Sie hatten kaum eine Chance. Im Frühjahr 1944 beendeten deutsche Besatzer, darunter das Kommando Eichmann, und ungarische Rechte in Regierung, Verwaltung und Polizei schlagartig die scheinbar halbwegs sichere Existenz der ungarischen Juden. Von Mitte Mai 1944 an wurden binnen sieben Wochen mehr als 400000 von ihnen nach Auschwitz deportiert. Wie konnte es so kurz vor der deutschen Niederlage noch dazu kommen?

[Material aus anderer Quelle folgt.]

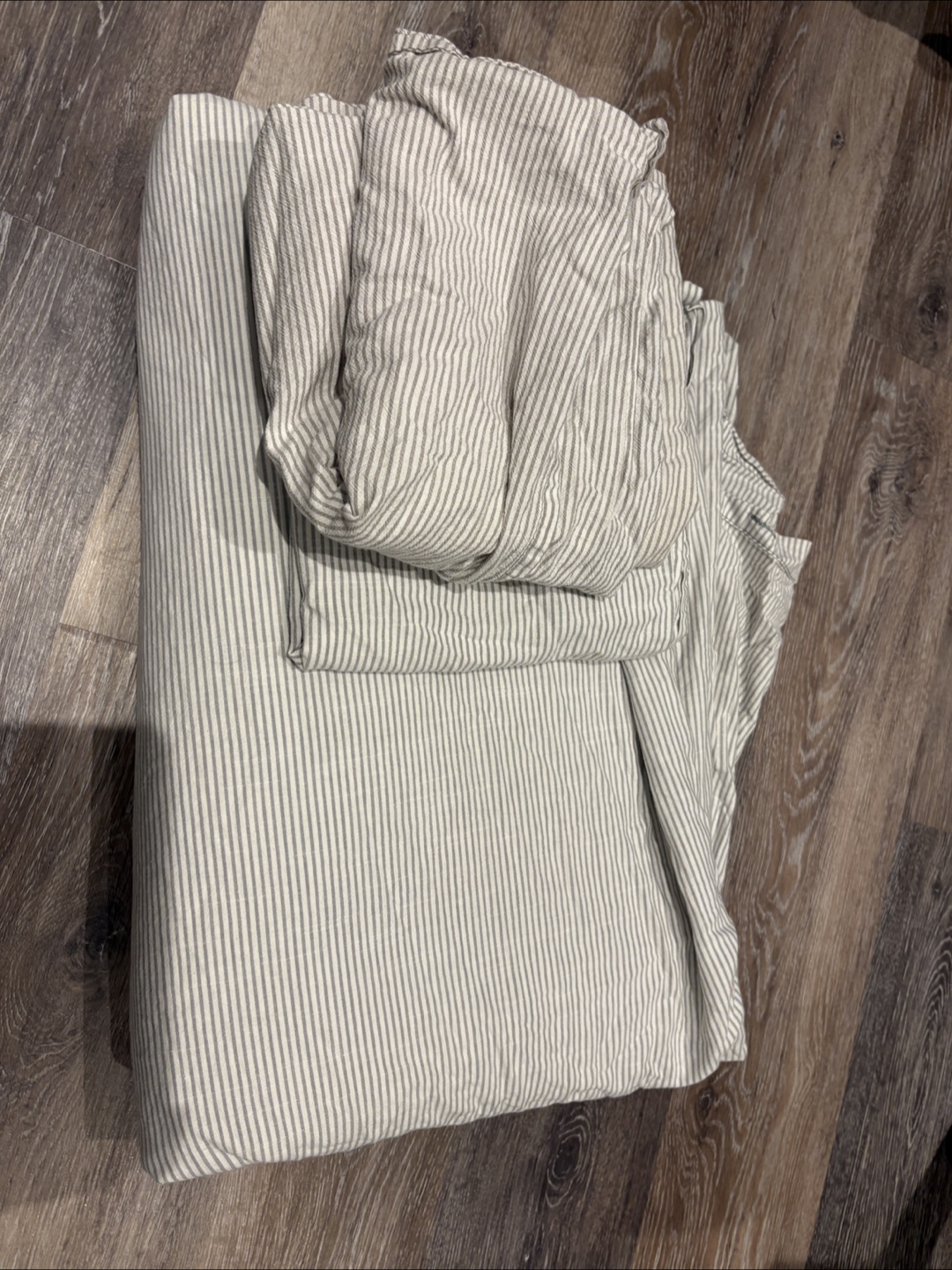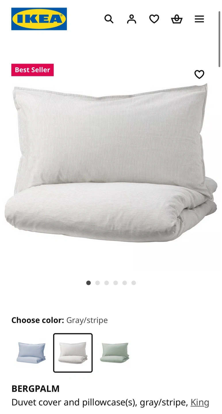 Selling a king-size duvet cover set from IKEA. It's the Bergpalm model in a gray stripe pattern. The set includes the duvet cover and pillowcase(s).I‘m keeping it after washing

Perlentaucher-Notiz zur NZZ-Rezension
Die Geschichte der Ermordung der ungarischen Juden, die als die umfangreichste Vernichtungsaktion des Holocaust gilt, wurde in den 60er und 70er Jahre viel erforscht - und dann ad acta gelegt, wie Thomas Sandkühler einführend berichtet. Die beiden ausgewiesenen Holocaust-Forscher Christian Gerlach und Götz Aly haben nun - mithilfe von neuen Dokumenten aus Ungarn und Israel - vernachlässigte Aspekte dieser Geschichte aufgearbeitet. Bemerkenswert an ihrer tadellos recherchierten und zurückhaltend dargelegten Arbeit ist der Akzent ihrer Untersuchung, so Sandkühler, der auf der Interaktion zwischen Ungarn und Deutschen, ungarischen Juden und ungarischen Nichtjuden liege. Ohne die aktive Mithilfe der ungarischen Behörden, ohne eine eigenständige antisemitische Politik in Ungarn wäre diese große Vernichtungsaktion gar nicht möglich gewesen, fasst Sandkühler Gerlach/Alys Arbeitsergebnisse zusammen. Außerdem wendeten sich die Autoren entschieden gegen die allgemeine Auffassung, Deutschland habe mit der Ermordung der ungarischen Juden um der Ideologie willen gegen eigene Interessen verstoßen. Stattdessen ging es darum, das Arbeitskräftepotenzial gerade gegen Kriegsende aufzustocken.